Topic 3: Classroom Incidents
"He said, "When Aboriginal people walk into a room, they are considered political. They're just political, that's just the way it is." So that was one comment that I responded to, and I said, "You know, when Aboriginal people walk into the room, they're Aboriginal people. If you choose to think of us as political, that's something different. And that's a general statement, it's an assumption, it's a stereotype..." As I was listening to him and after I made my response, I had another student on the other side of me say, "Be quiet, he has a right to say what he wants." IVT: 8,3
"I'm trying to respond to one of his comments, because logically you respond to one racial comment at a time, if you can...And of course the girl over here is telling me to be quiet...and at one point the instructor did say, as she's scanning the room and looking at all of us, "Is there anybody who wants to respond to this?" She was actually, the way that it was posed was that...she was just hoping and pleading that somebody respond to him." IVT: 8,4
"I think he should have been held more accountable to the instructor. What do you say to that? "What do you mean? Do you realize that these are assumptions, do you realize that these are stereotypes, do you realize...", something. I can probably say for sure that if the instructor thought about what she could have said, she probably would come up with better stuff than I'm saying right now, because I will grant that the instructor is aware, but I just don't think that the instructor was comfortable with addressing it right there, and I think that should have happened." IVT: 8,15
Discussion and Analysis
In postsecondary institutions, the classroom is protected as the "instructor's domain," and for good reasons. Instructors' rights to teach and discuss subject matter of their own design are an extension of academic freedom of inquiry, for both the instructor and students. And because the classroom is the instructor's domain, there are responsibilities that go along with it. For instructors, addressing incidents that take place in the classroom is a part of this responsibility.
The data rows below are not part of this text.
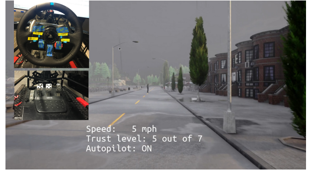
Fig. 3: Driving simulator setup.

The vehicle started driving in autopilot mode. When the vehicle approached an incident, the participants can decide whether to take over the vehicle to handle the incidents on the road. Should the participant choose not to take over, the vehicle will remain in autopilot mode to handle the incident. At any point during the experiment, the participant has the option to assume control of the vehicle and switch to manual driving. Should the participant choose to take over, he/she was required to switch back to autopilot mode before arriving at the next intersection so that the vehicle can choose the next direction to go. We asked the participants to periodically record their trust in the AV using the buttons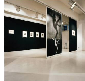
6 Frantisek Drtikol 1 – 31 December 1995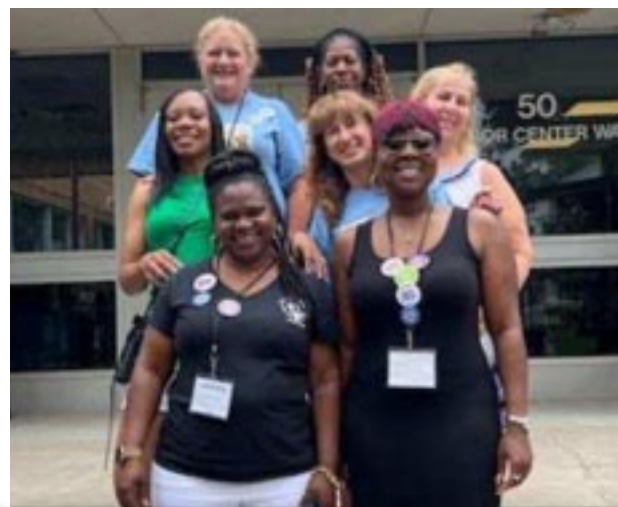
ABOVE: P3B Members pose in front of the Labor Center at Rutgers University.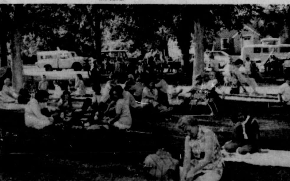
AREA RESIDENTS joined with visiting Rock Hounds Thursday evening to enjoy the barbecue in South City Park. The large crowd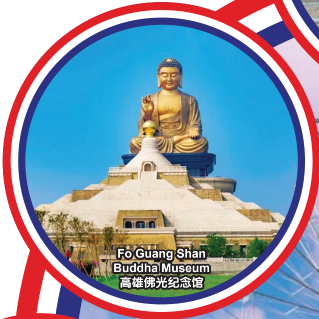
Fo Guang Shan Buddha Museum 高雄佛光纪念馆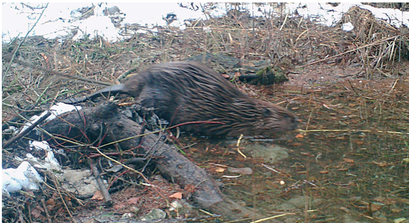
Fig. 4 - Castor fiber from Tarvisio Forest (Udine), November, 22 th , 2018. - Castor fiber nella Foresta di Tarvisio (Udine), 22 novembre 2018.

due to the natural spreading of Austrian reintroduced populations (Fig. 3). At present the first Italian beaver seems to be alone (Fig. 4). This statement seem to be quite sure, since it was never possible to observe signs or photo-trapping records of more specimens together.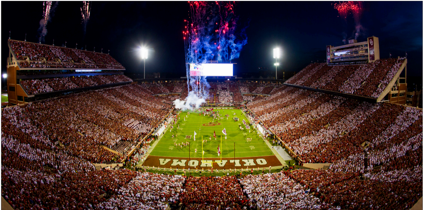
OU's $160 million stadium renovation and modernization project bowled in the south end of the facility and added premium seating and the second-largest collegiate video board.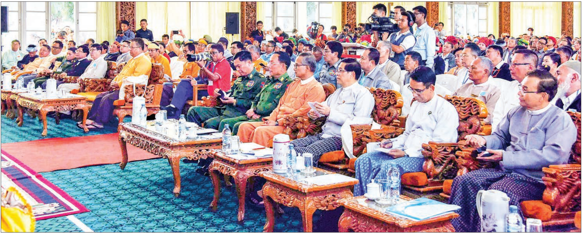
State Counsellor Daw Aung San Suu Kyi meets with locals of Shan State at the Town Hall in Taunggyi yesterday.

PARLIAMENT Pyithu Hluttaw approves bill amending Myanmar Medical Council Law PAGE-2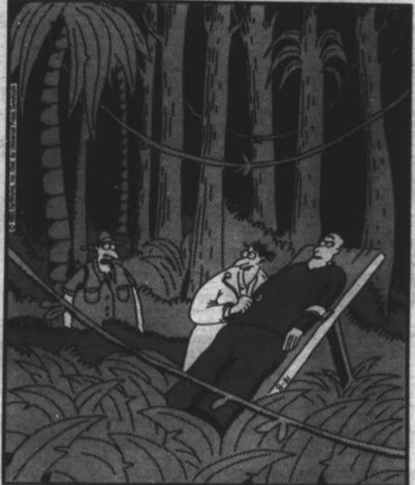
"Excuse me, but may I assume you're not Dr. Livingstone?"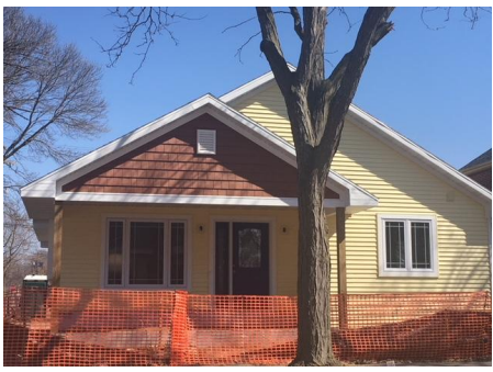
Single Family Home, 1203 6th Street

As the skies clear and the warmth of the sun gets stronger, builders are working hard to complete new Promise spec homes which are now for sale or will be soon.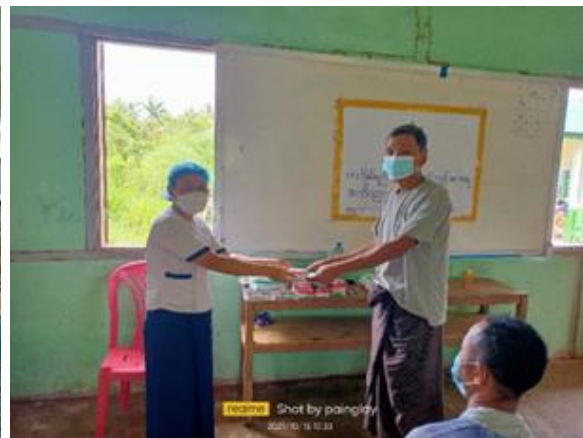
Hygiene and health awareness session in project area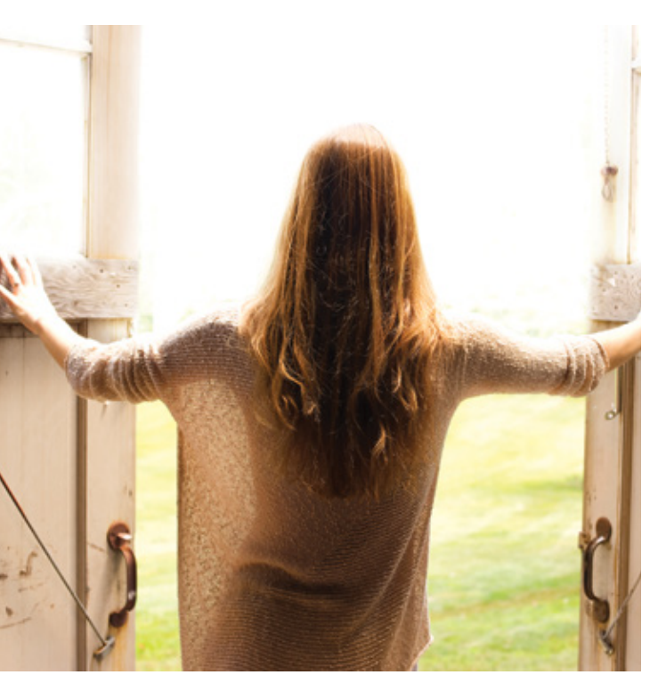
EXHALE'S TRANSFORMATIONAL PACKAGES + JOURNEYS

Immerse yourself in wellness with dedicated programs crafted by exhale's experts. Find flawless skin, reshape your body, define your diet, and restore your mind with proven curriculums. Our knowledgeable teachers, therapists, and healers join you on your journey and guide you to your goals. Get ready to revive, restore, and transform.

This student's classroom experience illustrates why it is important for instructors to address incidents that take place in the classroom. Postsecondary institutions provide support services and resources that help students deal with the demands that are related to their postsecondary and graduate experiences; however, these resources are not typically effective in intervening in classroom incidents. Reports of these incidents may not reach these support services, as students may not take their experiences beyond the classroom due to the demands of their coursework, class schedules, and other life demands. Moreover, the student is faced with revisiting a traumatic experience while taking on the burden of responsibility to seek out resolution for a racist incident. This often results in the incident going unreported, since it can require a substantial amount of time and energy on the students' behalf in order to see a report through to a resolution.
This student's account describes a situation where an instructor's response was considered inadequate, and as a result, had significant and harmful consequences to the student. In this situation, the student was forced to take on the burden of intervening in a classroom incident. She took a significant risk in responding to another student's comments, resulting in, among other things:
- A direct confrontation with him, and with another student;
- Leaving the classroom as a result of feeling frustrated and unsupported;
- Faced with the burden of soliciting a response from the instructor;
- Anxiety over returning to the classroom;
- Alienation from the classroom and other students as the "troublemaker";
- An inability to resume her coursework for that class;
- A troubled relationship with the instructor.
In addition to fully engaging and addressing a situation in class, it's crucial to address an incident when it happens. As this student indicates, a situation can intensify if an instructor's response is delayed. She points out that if the instructor had responded immediately, it may have helped to minimize the consequences for her personally and professionally, her relationship with the instructor, and for other students in the class. Of course, the question is, how to effectively intervene.